#### Records from a data collection
-------

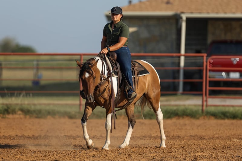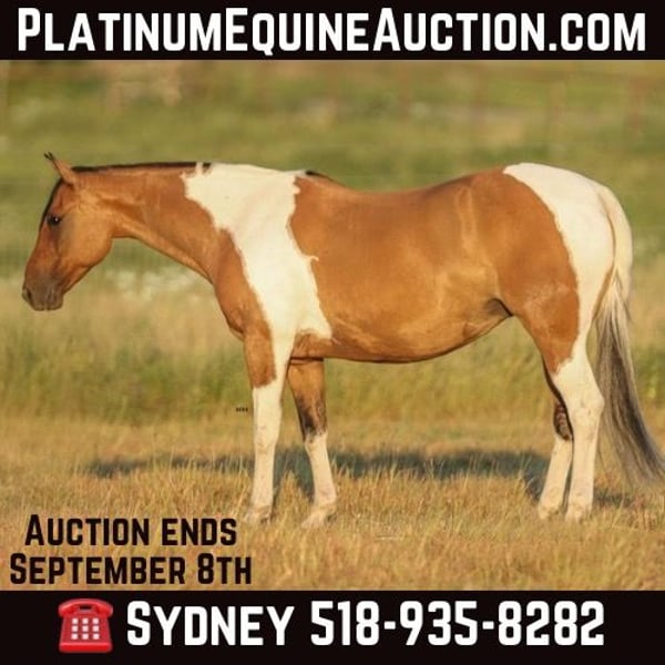 ONLINE AUCTION Place your bids at www.PlatinumEquineAuction.com Starting Bid $3500 Auction ends September 8th, 2024 Need a new saddle? Check out White Rock Saddles on our website or Facebook! Dutchess or “Peggys Gone N Dun It” is a 2014 model Dun Registered Paint Mare. Standing at 15H this mare is strong and stout. Dutchess got her name from her almost regal presence. She has a dignified, reserved personality and remains unbothered by her surroundings. She has proven to me time and time again that she is consistent and does all things in a disciplined, distinguished manner. Her personality isn’t the only thing to brag about though. She has a big kind eye that shows how kind and honest she is. She has nice legs and confirmation suitable for many disciplines. Her color is something extraordinary as well as a Dun Paint she has some striping on her legs and a very prominent dorsal stripe on her back. Dutchess also rides wonderfully. She will walk, trot, lope on a loose rein. She has a very nice stop and has slow correct spins in both directions. She is very soft in your hands and moves off your leg nicely. She will neck rein nicely or you can ride two handed if you prefer. You can move any part of her with your legs and she side passes from a woah, walk, and trot. Dutchess is not spooky and will go almost anywhere you tell her. She rides nicely on trails, the arena, or even traffic. She loads and unloads from the trailer very nicely without any hesitation. She stands nicely at the barn or the trailer to be groomed, saddled, and bathed. Dutchess does very well by herself or in a group and does not act marish around other mares or geldings. Dutchess has recently been seen by my dentist, farrier, and chiropractor and was an excellent citizen for all. She is what I call a “yes ma’am” type of horse. I ask for something and there doesn’t have to be a conversation about it she just says “yes ma’am”! She has been an amazing horse to have in my barn and a true joy to be around. For more questions or information please contact Sydney with SRS Training and Sales at (518) 935-8282. Dutchess is located in Granbury, TX and I’m happy to help arrange shipping anywhere in the US . ONLINE AUCTION Place your bids at www.PlatinumEquineAuction.com Starting Bid $3500 Auction ends September 8th, 2024 Need a new saddle? Check out White Rock Saddles on our website or Facebook!
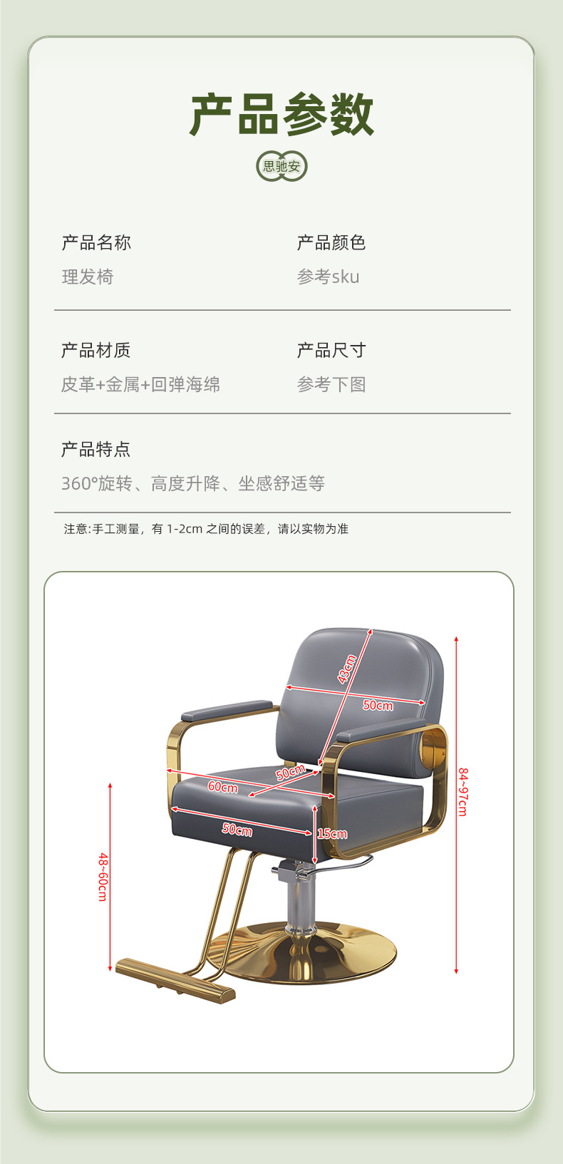 理髪椅子メーカー卸売、ヘアサロン用カットチェア、理容室用椅子、回転昇降式サロンチェア、軽量高級タイプ
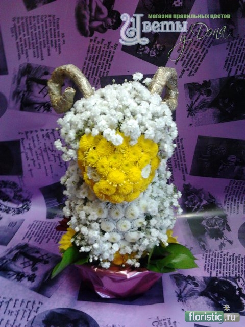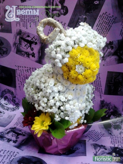 Использован сухоцвет лагурус. Только отдельную тему с этим вопросом создавать не стоило - всё есть здесь "Зверюшки из цветов" http://www.floristic.ru/forum/showth...=1491&page=107
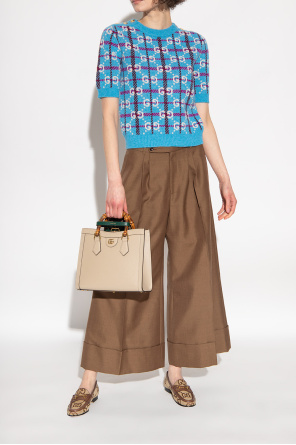 Gucci的米色和棕色乐福鞋,采用棕色皮革鞋底,饰有字母图案刺绣,正面饰有该品牌标志性的金色马衔扣五金配件。
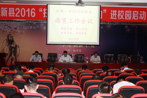 ——陽新一中召開2016年秋德育工作會議9月29日晚,陽新一中2016年秋德育工作會議在學(xué)術(shù)報告廳召開。會議同時簽訂了學(xué)校、年級、處室安全管理責(zé)任狀。全校中層以上干部、全體班主任、女工委全體成員參加會議,副校長、校黨總支委員柯美寶同志主持會議。
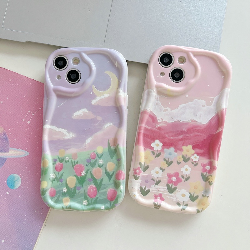 Casing OPPO Reno 11 10 Pro+ 8T 8 5G 7Z 8Z 7 4G 6 6Z 5Z 5F 5Lite 5 6Lite 4 Pro Plus A73 A94 A93 A78 A16 A16S A74 A95 A55 A54 A15 A15S A52 A72 A92 A53 A33 2020 A31 ins Cream Edge Cute Pink Purple Oil painting Moon cloud Starry sky Sea of Flowers Phone Case
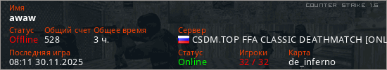 Играет на Counter Strike 1.6 сервере. Страна: РоссияПервый раз замечен 05:12 25.06.2020
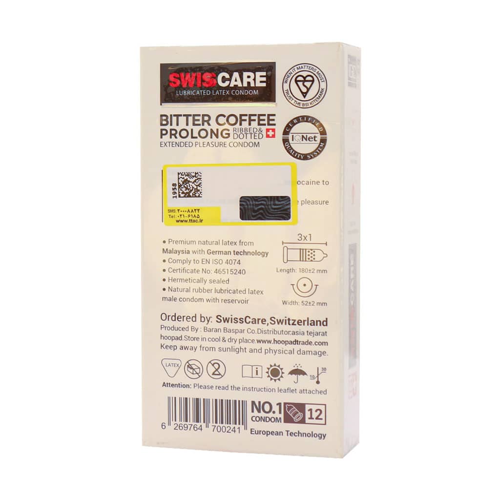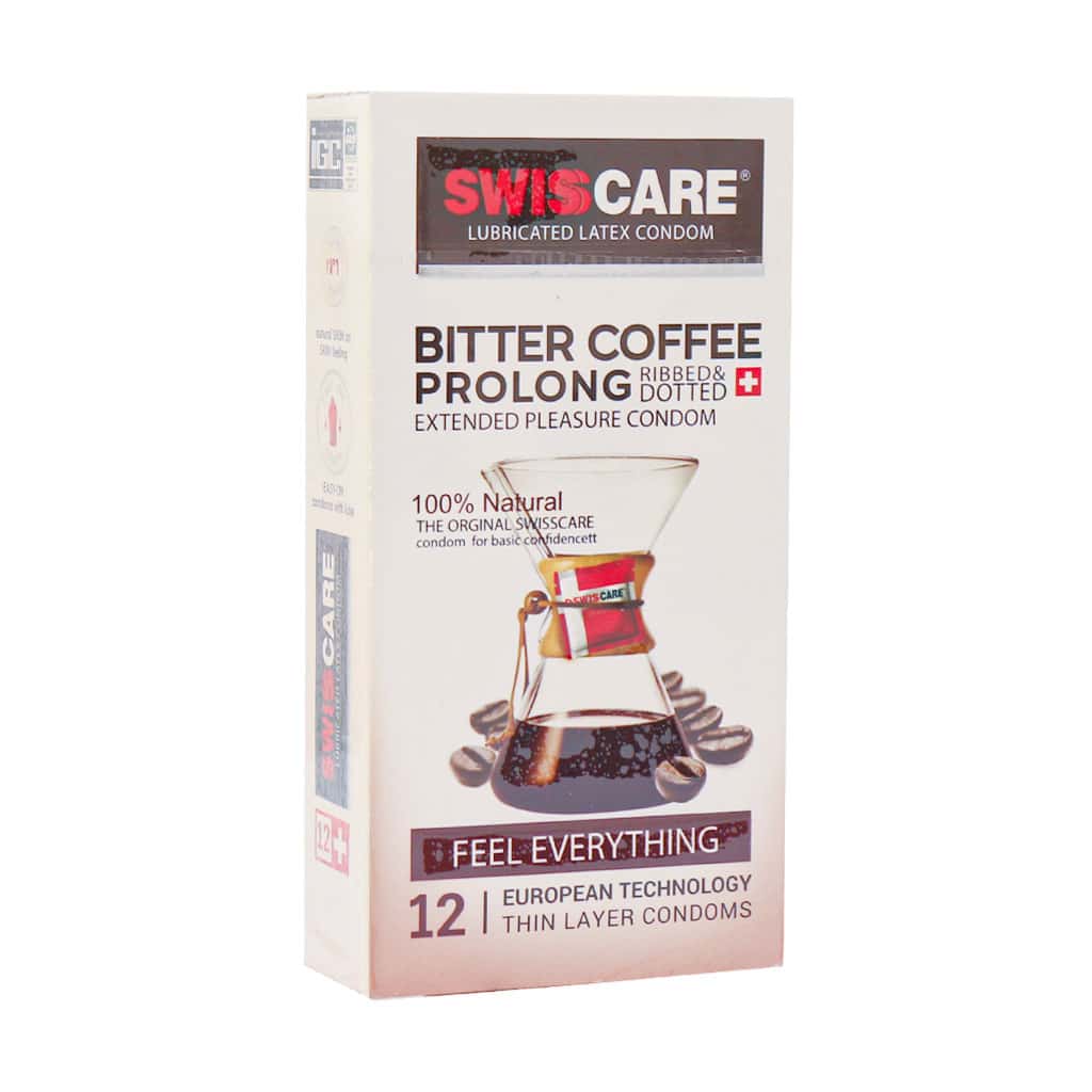 کاندوم تاخیری و خاردار قهوه تلخ سوئیس کر مدل Bitter Coffee Prolong بسته 12 عدد
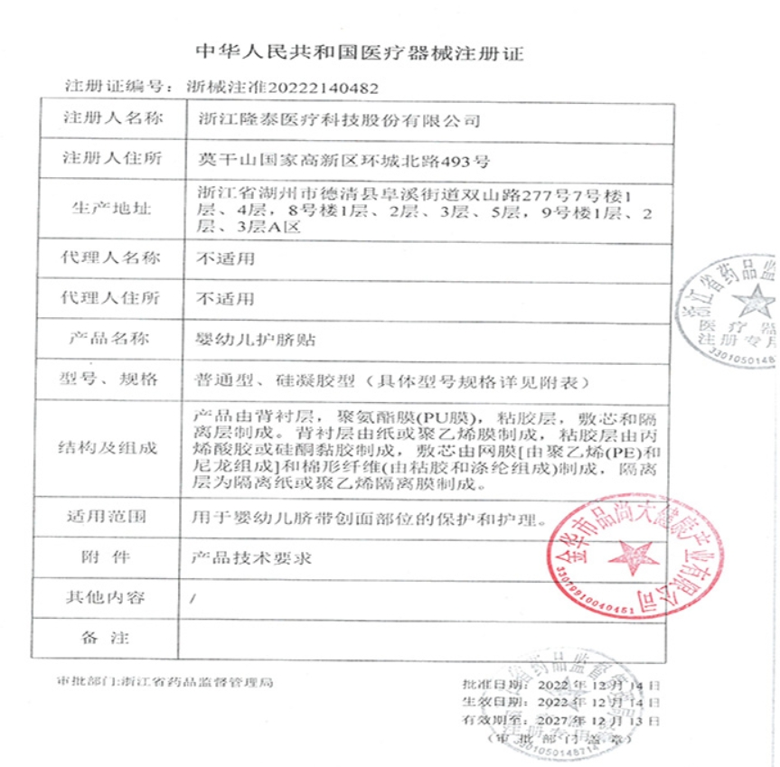 用于嬰幼兒臍帶創(chuàng)面部位的保護和護理。
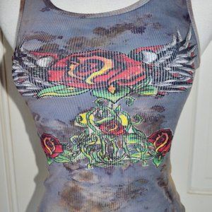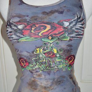 TANK TOP FADED PURPLE TATTO PRINT ROSES RED & BLUE COTTON RIB FITS SMALL
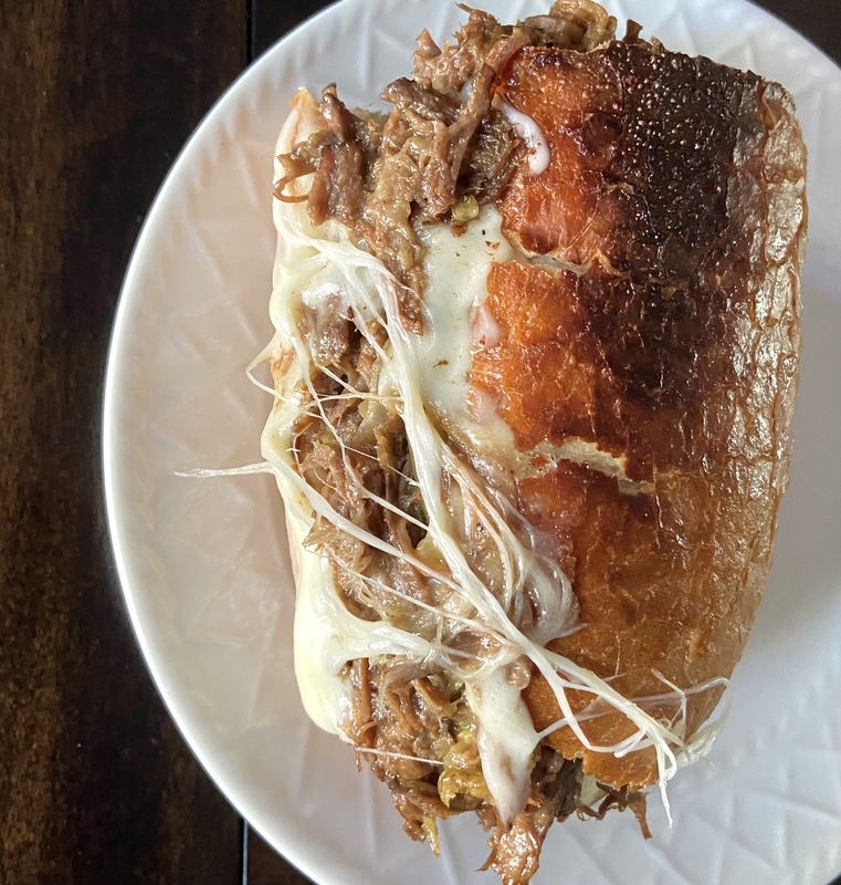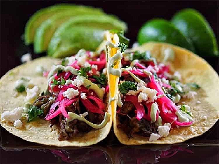 olive oil, 2 cups leftover brisket or pot roast (click on the link in the post for the brisket recipe), ½ cup chopped green chilies, 1 tsp garlic powder, 1 tsp ground cumin, ⅛ tsp Cayenne pepper, 1 tsp Mexican oregano, 1 tsp salt, 1 tsp pepper, Pickled Onions, 1 large purple onion thinly sliced, 2 cups apple cider vinegar, 1 cup of water, 3 tbs kosher salt, 4 tbs sugar, Avocado Cream, 1 avocado, 1 cup Mexican crema table cream (or sour cream), 1 clove garlic, 1 tsp ground cumin, 1 tsp salt, 1 tsp pepper, ⅛ tsp Cheyenne pepper, Extras, Corn tortillas, Chopped cilantro, Cojita cheese or Monterrey Jack
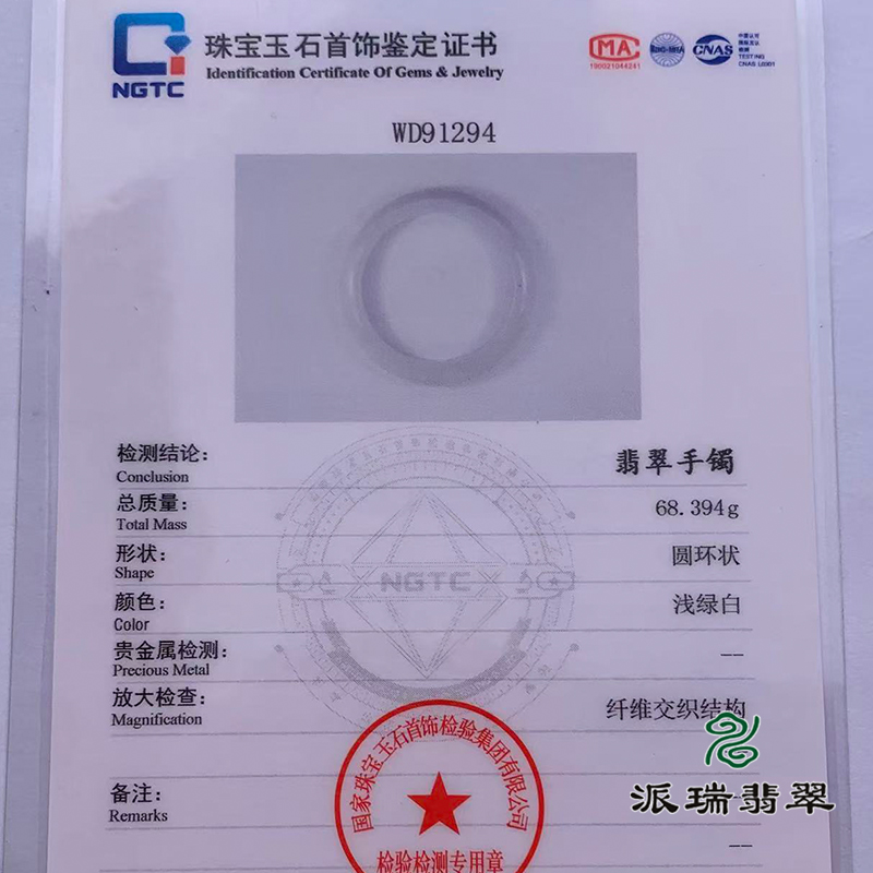 派瑞翡翠 翡翠手镯 糯种 浅绿

-------

#### THE TASK
I would like the lines from the one with "Играет на Counter" through the last line of the data above retyped exactly, with pictures left out, please.

#### YOUR SOLUTION
 Играет на Counter Strike 1.6 сервере. Страна: РоссияПервый раз замечен 05:12 25.06.2020
 کاندوم تاخیری و خاردار قهوه تلخ سوئیس کر مدل Bitter Coffee Prolong بسته 12 عدد
 用于嬰幼兒臍帶創(chuàng)面部位的保護和護理。
 TANK TOP FADED PURPLE TATTO PRINT ROSES RED & BLUE COTTON RIB FITS SMALL
 olive oil, 2 cups leftover brisket or pot roast (click on the link in the post for the brisket recipe), ½ cup chopped green chilies, 1 tsp garlic powder, 1 tsp ground cumin, ⅛ tsp Cayenne pepper, 1 tsp Mexican oregano, 1 tsp salt, 1 tsp pepper, Pickled Onions, 1 large purple onion thinly sliced, 2 cups apple cider vinegar, 1 cup of water, 3 tbs kosher salt, 4 tbs sugar, Avocado Cream, 1 avocado, 1 cup Mexican crema table cream (or sour cream), 1 clove garlic, 1 tsp ground cumin, 1 tsp salt, 1 tsp pepper, ⅛ tsp Cheyenne pepper, Extras, Corn tortillas, Chopped cilantro, Cojita cheese or Monterrey Jack
 派瑞翡翠 翡翠手镯 糯种 浅绿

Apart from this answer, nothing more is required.